F-Statistic: The F-statistic is a test statistic that measures the ratio of the variation between the group means (explained variance) to the variation within the groups (unexplained or residual variance). In your case, the F-statistic is 5.23.

p-value: The p-value associated with the F-statistic indicates the probability of observing an F-statistic as extreme as the one obtained (or more extreme) under the null hypothesis. In your case, the p-value is 0.02.

Null Hypothesis (H0): The null hypothesis in ANOVA is that there are no significant differences among the group means. In other words, all group means are equal.

Alternative Hypothesis (H1): The alternative hypothesis is that at least one group mean is significantly different from the others.

If p-value < α (typically 0.05): You would reject the null hypothesis (H0). 
p-value ≥ α (typically 0.05): You would fail to reject the null hypothesis (H0).


In your case, you have a p-value of 0.02, which is less than the common significance level of 0.05. Therefore, you would reject the null hypothesis. This suggests that there are statistically significant differences among the group means in your dataset.

In [38]:
# Q7 In a repeated measures ANOVA, how would you handle missing data, and what are the potential
# consequences of using different methods to handle missing data?

Handling missing data in a repeated measures ANOVA is an important consideration because missing data can potentially bias the results and reduce the power of the analysis. There are several methods to handle missing data in repeated measures ANOVA, and the choice of method can impact the validity and interpretability of the results. Here's how you can handle missing data and the potential consequences of different approaches:

Listwise Deletion (Complete Case Analysis): This method involves excluding participants with missing data from the analysis. Only subjects with complete data across all time points and conditions are included.

Consequences: While this approach is straightforward, it can result in a loss of valuable data, reduced statistical power, and potentially biased estimates if missing data are not missing completely at random (MCAR). It may also lead to a non-representative sample.
Pairwise Deletion: With this method, you use all available data for each pair of time points or conditions, even if data are missing for some subjects at specific time points.

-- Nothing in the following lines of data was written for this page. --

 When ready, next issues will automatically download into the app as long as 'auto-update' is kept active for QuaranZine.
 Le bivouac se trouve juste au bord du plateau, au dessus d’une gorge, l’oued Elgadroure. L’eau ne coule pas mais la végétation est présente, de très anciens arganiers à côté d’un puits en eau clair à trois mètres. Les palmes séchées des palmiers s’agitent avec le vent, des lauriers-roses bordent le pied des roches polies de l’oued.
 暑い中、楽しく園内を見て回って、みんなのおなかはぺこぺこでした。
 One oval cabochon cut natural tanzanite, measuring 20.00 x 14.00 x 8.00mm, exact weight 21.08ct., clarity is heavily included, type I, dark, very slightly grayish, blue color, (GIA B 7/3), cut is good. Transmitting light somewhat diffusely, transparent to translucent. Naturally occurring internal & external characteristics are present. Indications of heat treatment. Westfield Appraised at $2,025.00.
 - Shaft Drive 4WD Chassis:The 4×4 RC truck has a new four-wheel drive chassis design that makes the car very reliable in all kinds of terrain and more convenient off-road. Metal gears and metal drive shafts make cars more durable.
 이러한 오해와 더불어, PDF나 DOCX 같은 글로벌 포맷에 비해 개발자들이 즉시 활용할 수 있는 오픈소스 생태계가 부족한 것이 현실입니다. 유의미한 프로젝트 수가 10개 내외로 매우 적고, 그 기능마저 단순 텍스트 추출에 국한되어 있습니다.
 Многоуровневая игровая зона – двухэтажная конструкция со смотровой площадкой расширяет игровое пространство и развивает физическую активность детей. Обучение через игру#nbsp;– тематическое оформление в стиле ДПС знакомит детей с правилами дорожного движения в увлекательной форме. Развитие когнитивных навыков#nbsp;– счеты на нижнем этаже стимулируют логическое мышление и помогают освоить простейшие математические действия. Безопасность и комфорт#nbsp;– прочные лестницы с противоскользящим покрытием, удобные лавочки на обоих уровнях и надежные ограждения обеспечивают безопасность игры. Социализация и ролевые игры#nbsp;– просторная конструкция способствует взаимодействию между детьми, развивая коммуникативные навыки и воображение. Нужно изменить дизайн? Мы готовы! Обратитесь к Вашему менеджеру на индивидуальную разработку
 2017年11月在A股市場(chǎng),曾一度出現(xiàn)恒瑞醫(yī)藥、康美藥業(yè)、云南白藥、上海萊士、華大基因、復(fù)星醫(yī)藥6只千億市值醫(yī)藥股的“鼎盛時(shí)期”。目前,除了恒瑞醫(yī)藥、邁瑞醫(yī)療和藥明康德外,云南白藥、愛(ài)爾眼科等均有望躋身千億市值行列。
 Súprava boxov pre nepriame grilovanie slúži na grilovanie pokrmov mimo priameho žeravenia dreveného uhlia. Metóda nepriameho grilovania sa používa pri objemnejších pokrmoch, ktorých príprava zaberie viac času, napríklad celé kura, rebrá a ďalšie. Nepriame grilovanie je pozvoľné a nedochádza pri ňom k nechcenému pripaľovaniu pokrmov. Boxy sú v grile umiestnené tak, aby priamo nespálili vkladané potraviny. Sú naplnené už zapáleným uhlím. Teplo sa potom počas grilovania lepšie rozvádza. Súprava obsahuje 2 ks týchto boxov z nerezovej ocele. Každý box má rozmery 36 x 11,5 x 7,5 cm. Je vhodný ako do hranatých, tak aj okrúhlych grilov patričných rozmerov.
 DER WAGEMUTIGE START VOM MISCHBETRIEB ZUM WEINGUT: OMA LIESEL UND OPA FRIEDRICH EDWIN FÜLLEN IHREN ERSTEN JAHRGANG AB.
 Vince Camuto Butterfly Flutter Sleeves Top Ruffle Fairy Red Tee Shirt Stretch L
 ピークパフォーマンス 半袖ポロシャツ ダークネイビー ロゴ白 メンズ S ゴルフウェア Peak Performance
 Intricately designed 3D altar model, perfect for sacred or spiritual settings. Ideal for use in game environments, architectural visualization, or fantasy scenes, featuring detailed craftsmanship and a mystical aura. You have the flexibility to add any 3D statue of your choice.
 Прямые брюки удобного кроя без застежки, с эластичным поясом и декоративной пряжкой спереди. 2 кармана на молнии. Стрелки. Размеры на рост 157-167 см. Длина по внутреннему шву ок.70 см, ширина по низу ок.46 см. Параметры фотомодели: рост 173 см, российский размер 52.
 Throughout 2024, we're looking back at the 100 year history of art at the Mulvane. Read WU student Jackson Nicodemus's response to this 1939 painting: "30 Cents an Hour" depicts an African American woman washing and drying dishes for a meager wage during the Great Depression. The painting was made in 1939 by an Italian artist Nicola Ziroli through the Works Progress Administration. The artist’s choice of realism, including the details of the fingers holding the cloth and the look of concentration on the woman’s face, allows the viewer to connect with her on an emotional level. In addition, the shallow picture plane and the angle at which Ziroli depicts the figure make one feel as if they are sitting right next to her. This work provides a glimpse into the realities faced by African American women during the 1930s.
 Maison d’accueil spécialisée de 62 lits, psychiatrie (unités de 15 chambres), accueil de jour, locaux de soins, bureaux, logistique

Consequences: Pairwise deletion retains more data than listwise deletion and can maximize the sample size for each comparison. However, it can introduce inconsistency in the sample size across comparisons, potentially affecting the power and validity of individual comparisons.

Imputation Methods:

Mean Imputation: Replace missing values with the mean of observed values for the respective variable.

Last Observation Carried Forward (LOCF): Use the last observed value for a participant to fill in missing data.

Linear Interpolation: Estimate missing values based on linear trends between observed data points.

Multiple Imputation: Generate multiple complete datasets with imputed values, perform analyses on each dataset, and combine results.

Consequences: Imputation methods can retain sample size and preserve statistical power. However, they assume that the missing data are missing at random (MAR) and may introduce bias if this assumption is violated. The choice of imputation method can also affect the results.

Mixed-Model Analysis (Linear Mixed Effects Models): This approach is a robust method for handling missing data in repeated measures ANOVA. Mixed models account for both within-subject correlations and varying numbers of observations per subject.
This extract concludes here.